* Problem statement:
Starting from the top of the entries below and ending with the line containing "Pull garçon Smiley", restate every line word for word, pictures omitted.
============================================================
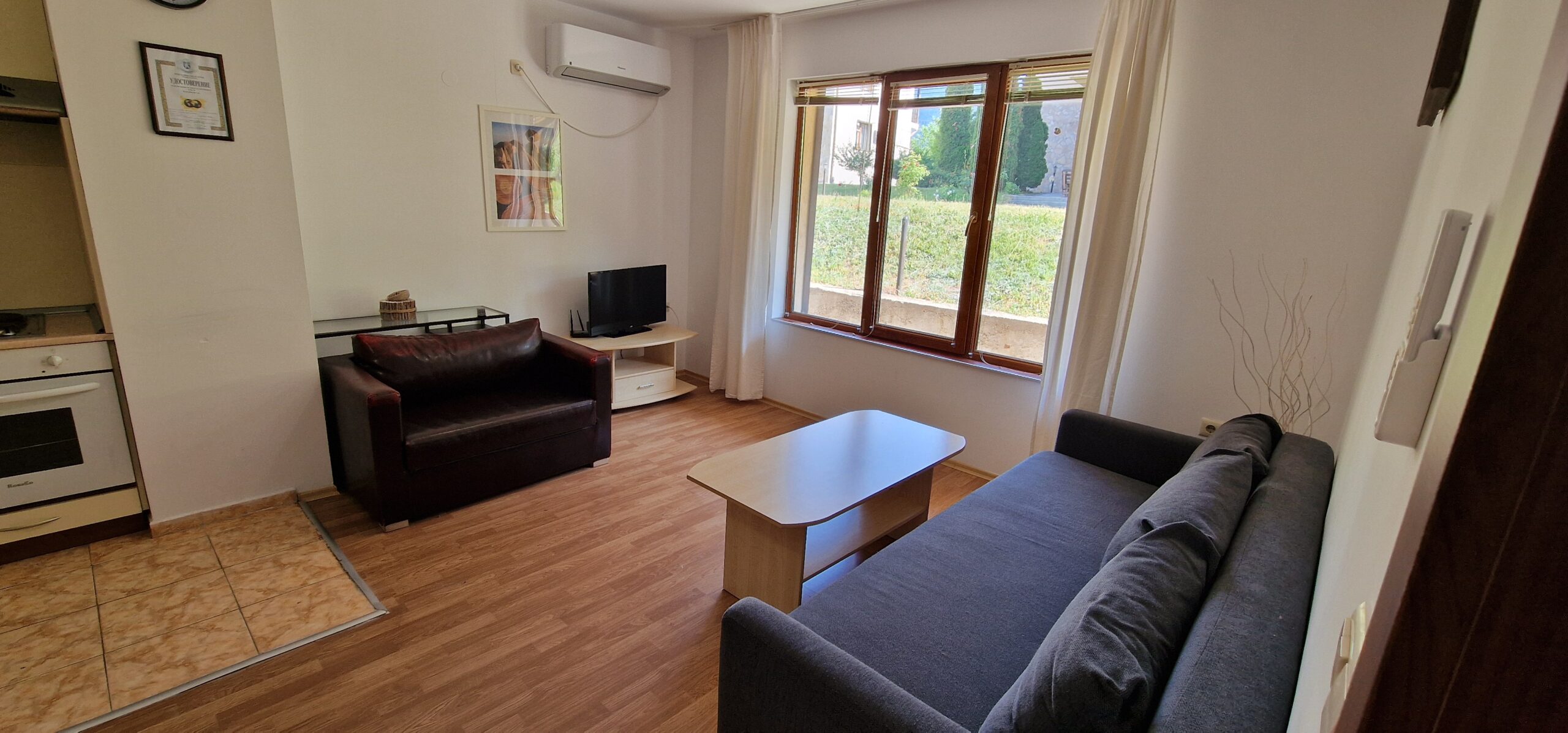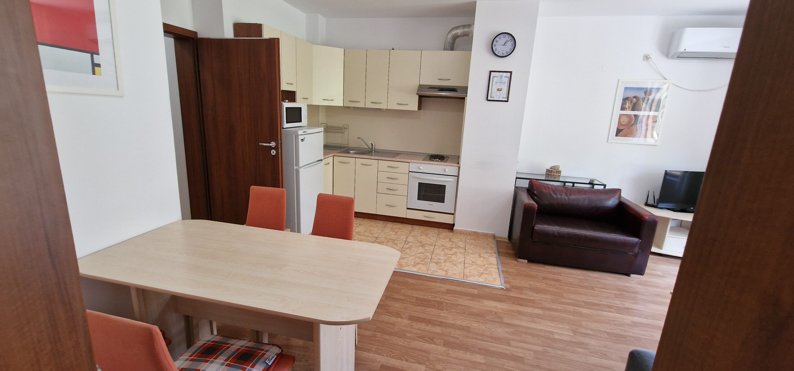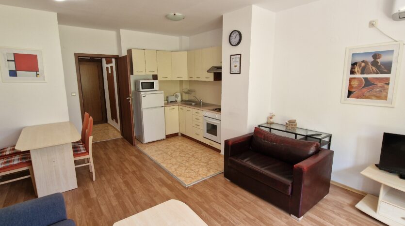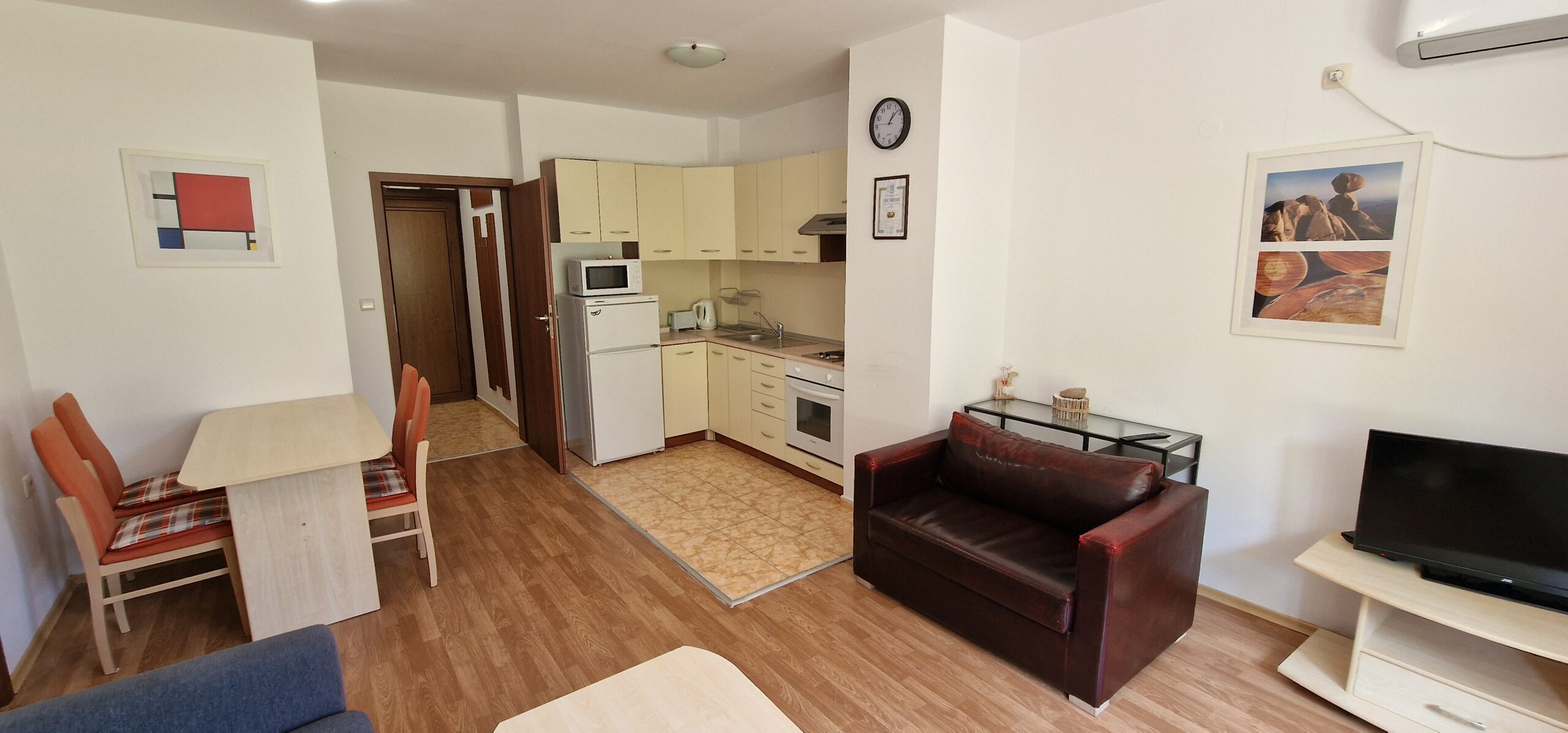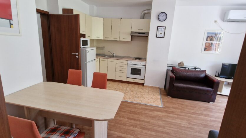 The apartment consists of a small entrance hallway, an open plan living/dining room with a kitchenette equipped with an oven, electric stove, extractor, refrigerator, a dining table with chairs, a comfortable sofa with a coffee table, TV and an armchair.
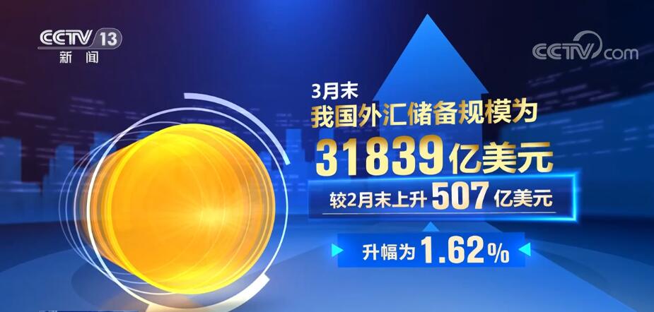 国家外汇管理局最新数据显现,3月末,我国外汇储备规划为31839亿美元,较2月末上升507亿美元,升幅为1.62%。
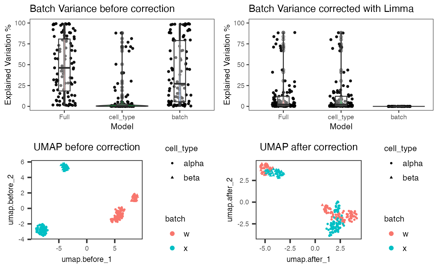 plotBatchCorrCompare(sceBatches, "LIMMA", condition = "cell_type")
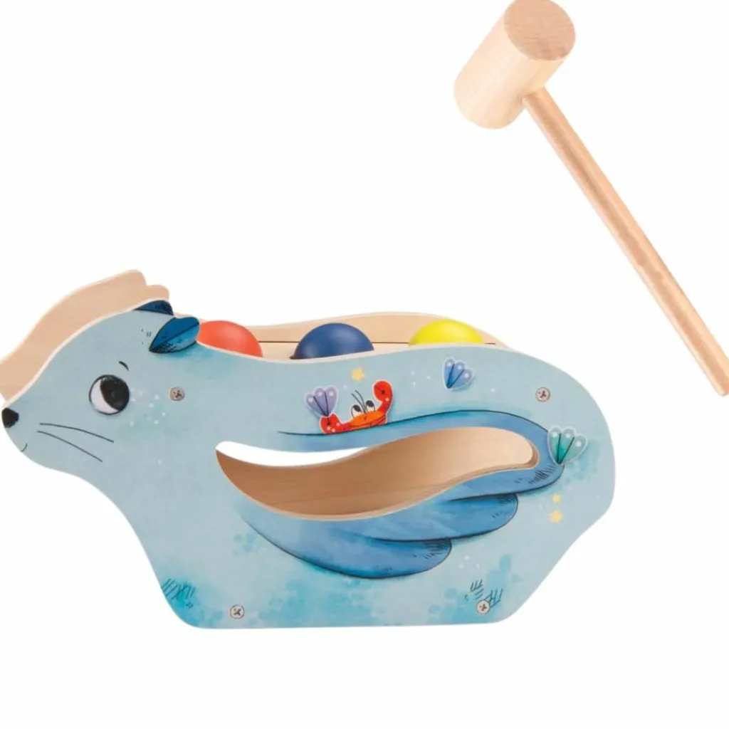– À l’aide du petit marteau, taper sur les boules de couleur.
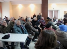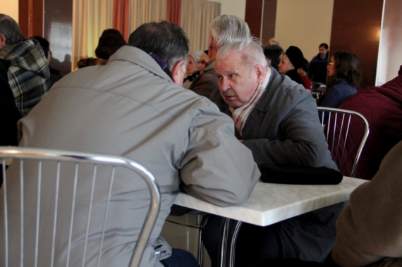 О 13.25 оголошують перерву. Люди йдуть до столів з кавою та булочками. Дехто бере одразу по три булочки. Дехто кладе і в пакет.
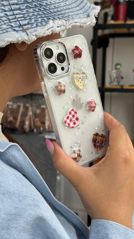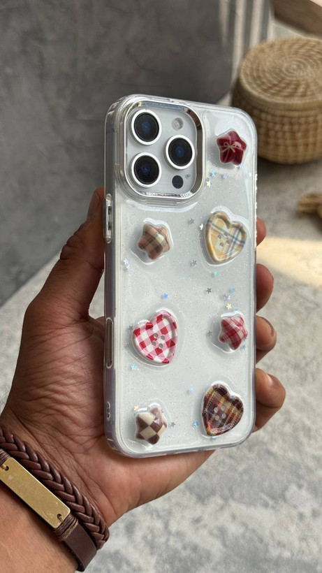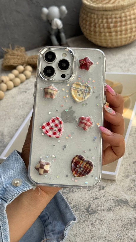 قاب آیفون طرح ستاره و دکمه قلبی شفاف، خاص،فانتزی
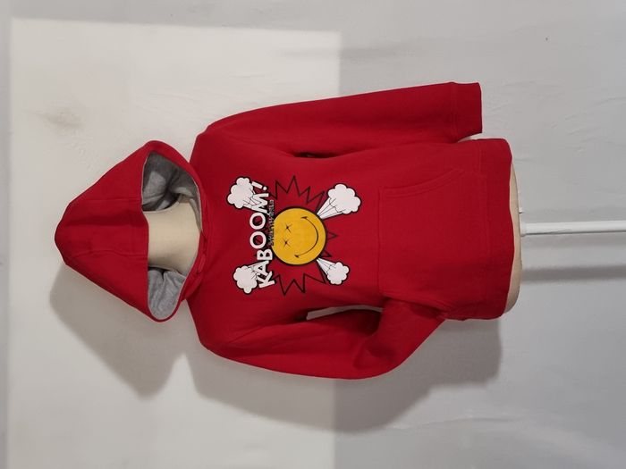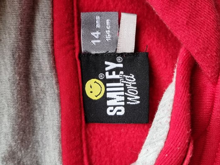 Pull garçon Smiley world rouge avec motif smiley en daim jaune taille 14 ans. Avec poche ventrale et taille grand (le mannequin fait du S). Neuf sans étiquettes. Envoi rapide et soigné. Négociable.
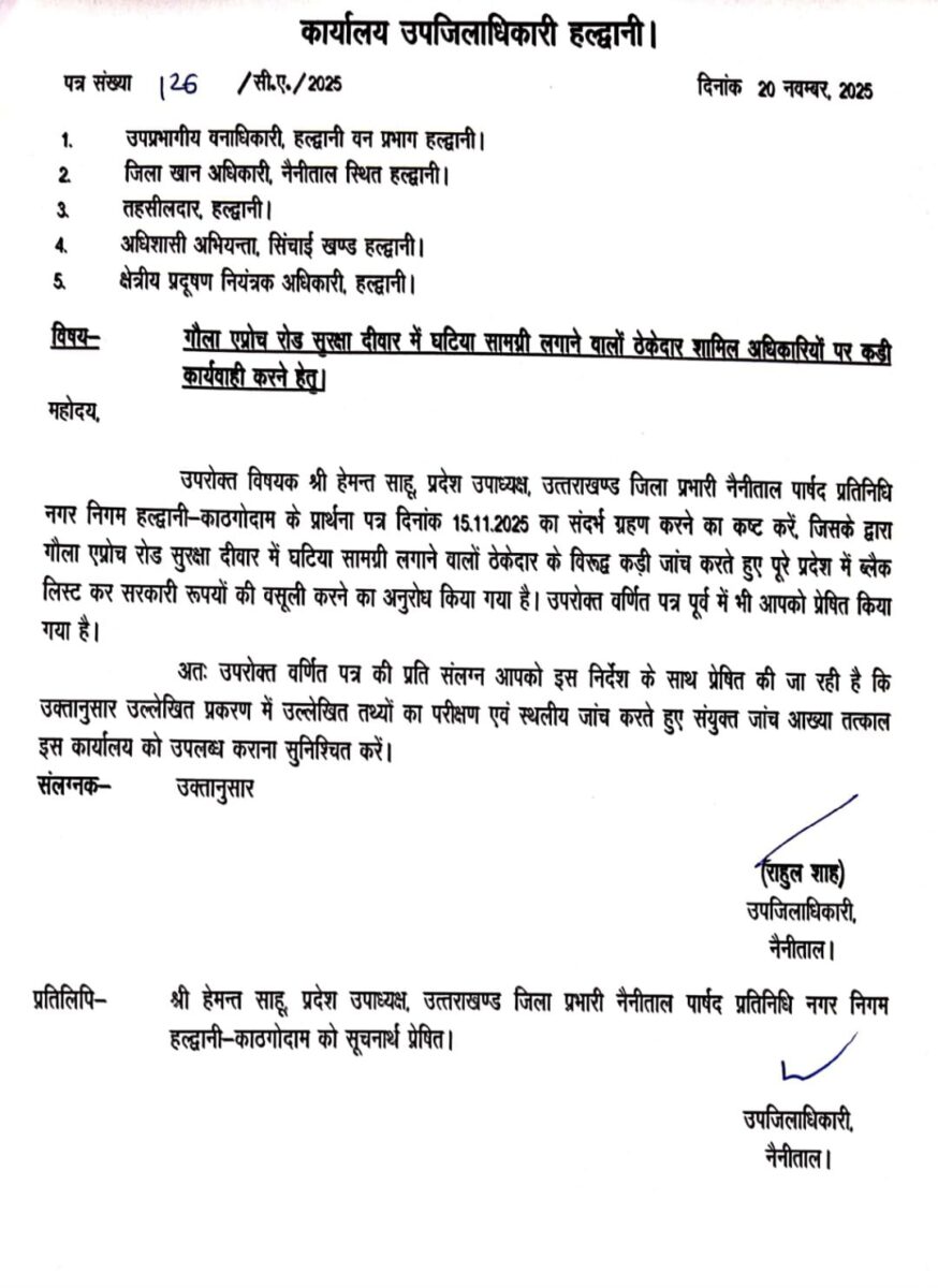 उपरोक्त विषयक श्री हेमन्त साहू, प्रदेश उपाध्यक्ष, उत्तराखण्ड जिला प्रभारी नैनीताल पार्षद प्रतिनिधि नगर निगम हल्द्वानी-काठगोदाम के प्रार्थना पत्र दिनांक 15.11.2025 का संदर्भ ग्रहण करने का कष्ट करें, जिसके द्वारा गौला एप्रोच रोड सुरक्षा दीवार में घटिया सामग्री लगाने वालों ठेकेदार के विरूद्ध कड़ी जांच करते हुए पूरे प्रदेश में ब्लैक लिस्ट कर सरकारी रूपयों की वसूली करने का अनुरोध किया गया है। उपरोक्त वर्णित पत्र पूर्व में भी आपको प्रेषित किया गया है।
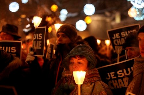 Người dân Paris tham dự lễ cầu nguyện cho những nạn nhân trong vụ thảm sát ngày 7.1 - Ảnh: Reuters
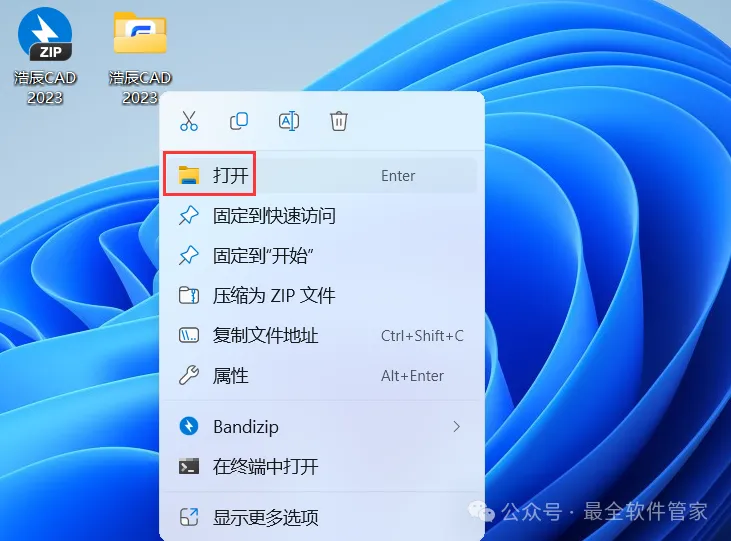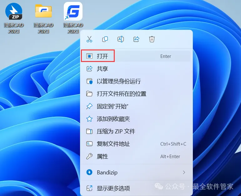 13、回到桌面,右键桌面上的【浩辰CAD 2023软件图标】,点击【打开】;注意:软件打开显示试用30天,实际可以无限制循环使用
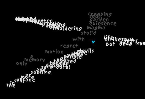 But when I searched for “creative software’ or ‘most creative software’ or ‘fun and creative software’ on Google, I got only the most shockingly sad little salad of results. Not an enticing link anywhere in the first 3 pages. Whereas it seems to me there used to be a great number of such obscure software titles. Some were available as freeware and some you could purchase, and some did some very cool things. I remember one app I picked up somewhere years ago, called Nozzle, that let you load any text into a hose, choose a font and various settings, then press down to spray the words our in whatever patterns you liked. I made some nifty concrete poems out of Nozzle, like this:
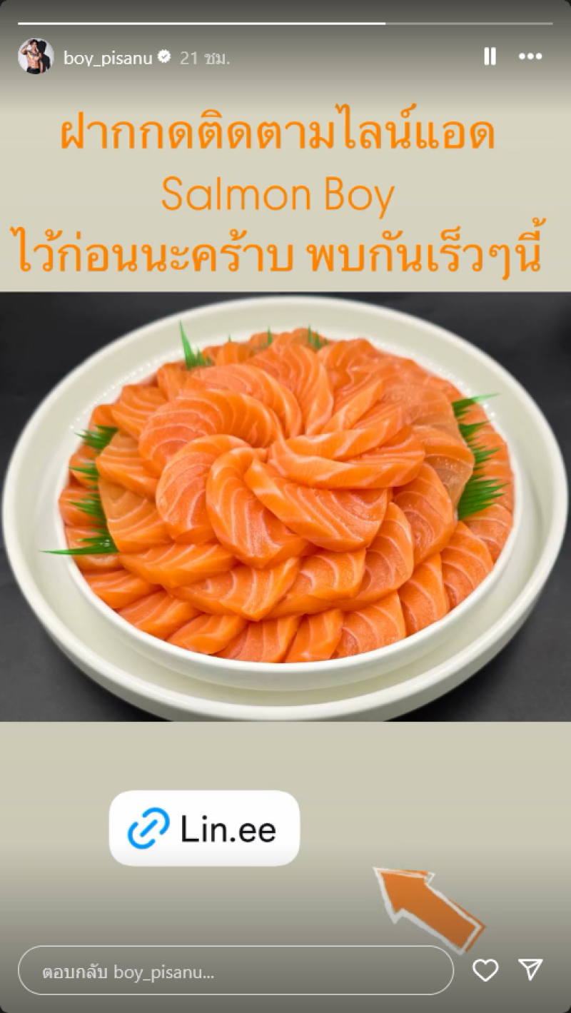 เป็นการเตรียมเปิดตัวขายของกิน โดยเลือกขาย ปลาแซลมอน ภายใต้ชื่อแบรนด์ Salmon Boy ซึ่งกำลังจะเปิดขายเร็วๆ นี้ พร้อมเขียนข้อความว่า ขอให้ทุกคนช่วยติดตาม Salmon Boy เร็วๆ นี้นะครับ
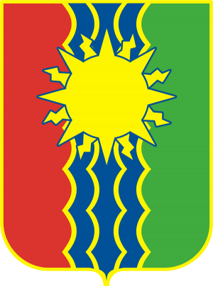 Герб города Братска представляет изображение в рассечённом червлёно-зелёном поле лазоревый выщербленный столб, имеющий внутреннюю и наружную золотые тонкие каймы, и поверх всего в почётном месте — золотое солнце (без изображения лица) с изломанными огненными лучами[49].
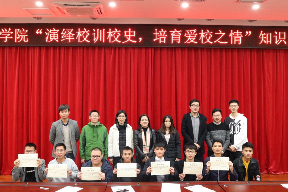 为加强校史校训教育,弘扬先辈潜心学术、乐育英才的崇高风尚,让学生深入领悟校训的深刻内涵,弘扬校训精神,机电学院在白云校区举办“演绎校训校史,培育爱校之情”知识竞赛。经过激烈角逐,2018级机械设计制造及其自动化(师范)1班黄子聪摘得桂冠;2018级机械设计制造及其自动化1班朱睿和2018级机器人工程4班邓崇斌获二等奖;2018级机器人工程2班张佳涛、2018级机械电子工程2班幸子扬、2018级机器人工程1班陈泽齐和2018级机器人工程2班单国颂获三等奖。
============================================================
* Your solution:
 The apartment consists of a small entrance hallway, an open plan living/dining room with a kitchenette equipped with an oven, electric stove, extractor, refrigerator, a dining table with chairs, a comfortable sofa with a coffee table, TV and an armchair.
 国家外汇管理局最新数据显现,3月末,我国外汇储备规划为31839亿美元,较2月末上升507亿美元,升幅为1.62%。
 plotBatchCorrCompare(sceBatches, "LIMMA", condition = "cell_type")
– À l’aide du petit marteau, taper sur les boules de couleur.
 О 13.25 оголошують перерву. Люди йдуть до столів з кавою та булочками. Дехто бере одразу по три булочки. Дехто кладе і в пакет.
 قاب آیفون طرح ستاره و دکمه قلبی شفاف، خاص،فانتزی
 Pull garçon Smiley world rouge avec motif smiley en daim jaune taille 14 ans. Avec poche ventrale et taille grand (le mannequin fait du S). Neuf sans étiquettes. Envoi rapide et soigné. Négociable.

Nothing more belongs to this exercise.